Reputation: 325
I'm trying to compare the values in 2 dataframes. This is my code :
for i in df1['Searches']:
for j in df['Tags']:
if i == j:
print(i,j)
The code works. However, I want to account for cases where the strings don't entirely match, due to spacing, misspelling, or punctuation, but they should match given how much they have in common.
For instance:
Searches | Tags
----------------------------------
lightblue | light blue
light-blue | light blue
light blu | light blue
lite blue | light blue
liteblue | light blue
liteblu | light blue
light b l u e | light blue
light.blue | light blue
l i ght blue | light blue
I listed variations of possible strings that could show up under searches, and the string that it should match to under tags. Is there a way to account for those variations and still have them match?
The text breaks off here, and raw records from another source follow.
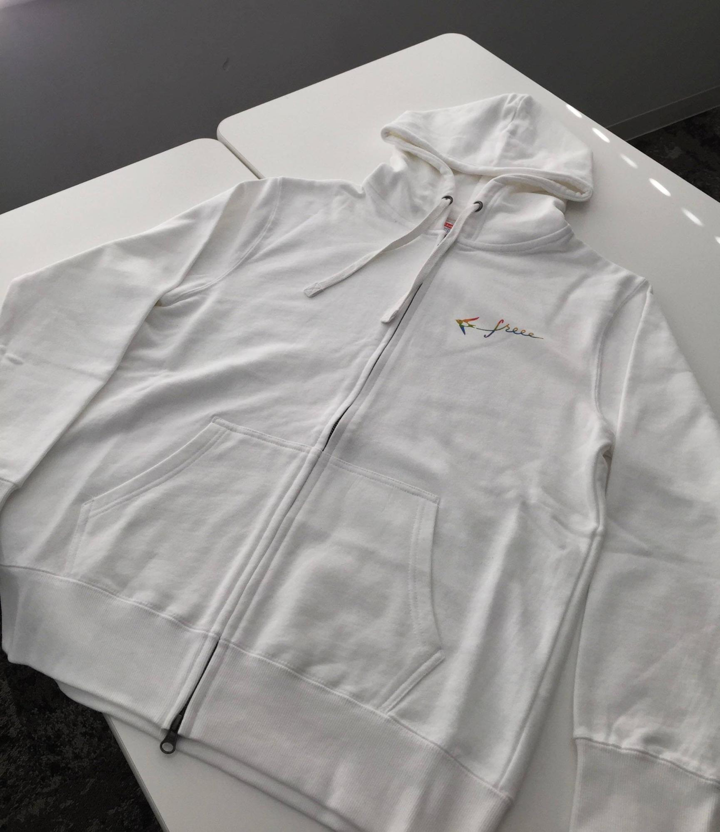 freeeでは、Tシャツだけではなく、毎年冬にロゴ入りパーカーを制作しています。
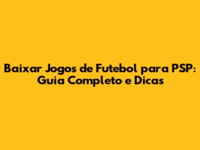 Baixar Jogos De Futebol Para PSP: Guia Completo E Dicas
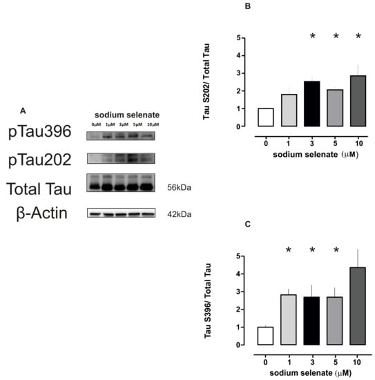 Sodium selenate treatment enhances total Tau and phosphorylation of two disease marker epitopes AT8 and PHF1 in a dose responsive manner. (A) Immunoblot images of Total Tau (56 kDa) and phosphorylated S202 (pTau202) and S396 (pTau396) epitopes for the different sodium selenate doses, loading control β-actin as above (not shown). (B,C) Histogram plots of pTauS202 and pTau396 after different selenate doses (asterisk p < 0.05).
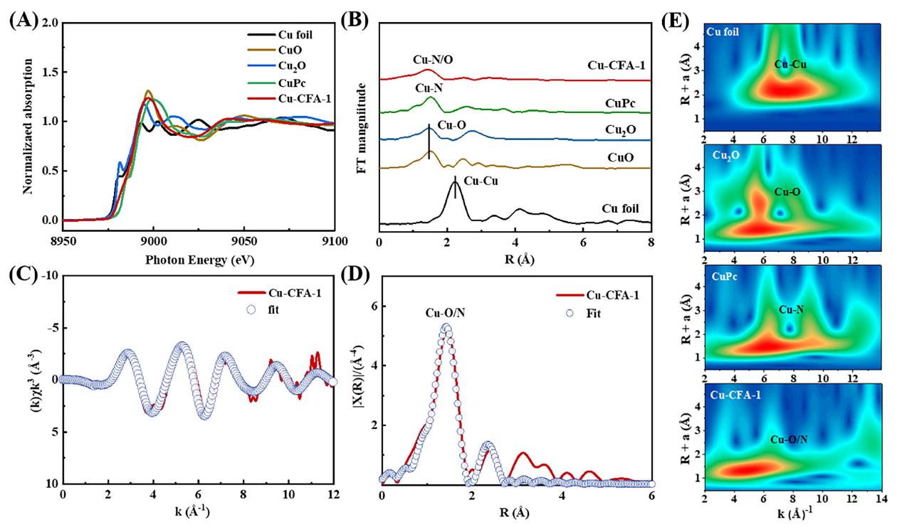XANES/EXAFS:Cu 价态平均 1.23,Cu‑N/O 配位峰 1.51 Å,无 Cu‑Cu 峰,呈原子级分散;配位数约 3.4,符合 Cu (I)‑3N 预测模型。
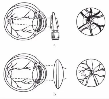 直接檢眼鏡(a)與間接檢眼鏡(b)成像原理的比較
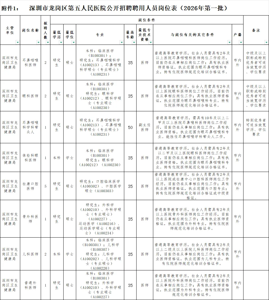 具体招聘岗位、人数和岗位条件详见附件《深圳市龙岗区第五人民医院2026年公开招聘岗位汇总表》。
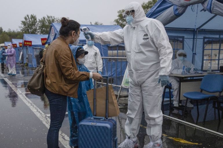 A worker in protective overalls take the temperature of a traveler from Wuhan before directing her to her district in Beijing on Sunday, April 19, 2020. Wuhan, the city at the center of the global cor
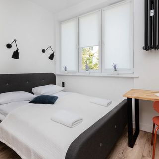 W sypialni przygotowano biurko z krzesłem, co stwarza komfortowe warunki do pracy zdalnej.
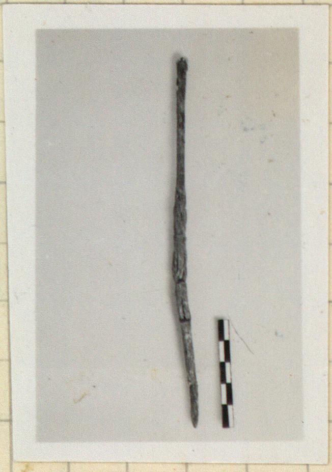 | Description: | A long, heavy pin, pointed at one end, plain at the other. Broken in three pieces. | |
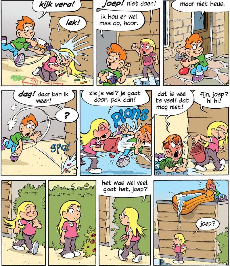 De thema’s en situaties zijn lekker herkenbaar voor kinderen. Ook de emoties van de stripfiguurtjes (her)kennen ze snel.
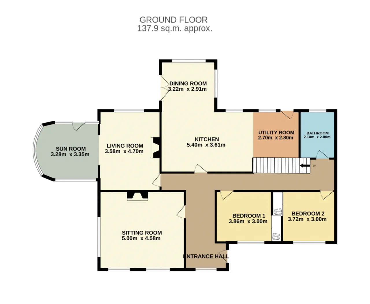 On the ground floor, a bright and welcoming entrance hall leads to a spacious sitting room, perfect for entertaining or relaxing. A separate living room opens onto a light-filled sunroom with direct access to the private rear garden; an ideal spot for year-round enjoyment. The large open-plan kitchen and dining area is beautifully arranged, overlooking the garden to the rear and side. Additional ground-floor accommodation includes a utility room, two double bedrooms, and a well-appointed bathroom. Upstairs, there are three generous double bedrooms. The main bedroom features a stylish, modern ensuite, while a spacious family bathroom serves the remaining rooms.

Thank you for taking the time to read my question and help in any way you can.
Upvotes: 2
Views: 112
Reputation: 333
You can use a string similarity metric to determine a match. For example, here I use edit_distance
from the nltk
library:
import pandas as pd
from nltk.metrics.distance import edit_distance
searches = \
['lightblue',
'light-blue',
'light blu',
'lite blue',
'liteblue',
'liteblu',
'light b l u e',
'light.blue',
'l i ght blue',
'totally different string'
]
df = pd.DataFrame()
df['Searches'] = searches
df['Tags'] = 'light blue'
matches = []
distance_threshold = 5
for i in df['Searches']:
for j in df['Tags']:
if edit_distance(i, j) < distance_threshold:
# print(i,j)
matches.append(i)
print(list(set(matches)))
Output:
['light.blue',
'light b l u e',
'lightblue',
'light blu',
'light-blue',
'lite blue',
'l i ght blue',
'liteblu',
'liteblue']
But you will have to adjust distance_threshold
to your liking or choose another metric that works better. See a list of metrics here:
https://www.nltk.org/api/nltk.metrics.distance.html
There are many other libraries that you can try as well. Just give it a search.
Upvotes: 1
Reputation: 93151
You are getting into fuzzy string matching. One way to do that is to use a similarity metric such as jaro_similarity
from the Natural Language Toolkit (NLTK):
from nltk.metrics.distance import jaro_similarity
df['jaro_similarity'] = df.apply(lambda row: jaro_similarity(row['Searches'], row['Tags']), axis=1)
Result:
Searches Tags jaro_similarity
lightblue light blue 0.966667
light-blue light blue 0.933333
light blu light blue 0.966667
lite blue light blue 0.896296
liteblue light blue 0.858333
liteblu light blue 0.819048
light b l u e light blue 0.923077
light.blue light blue 0.933333
l i ght blue light blue 0.877778
You have to pick a cut-off point by experimenting on your data. Documentation on the nltk.metrics.distance
module: https://www.nltk.org/api/nltk.metrics.distance.html#module-nltk.metrics.distance
Upvotes: 3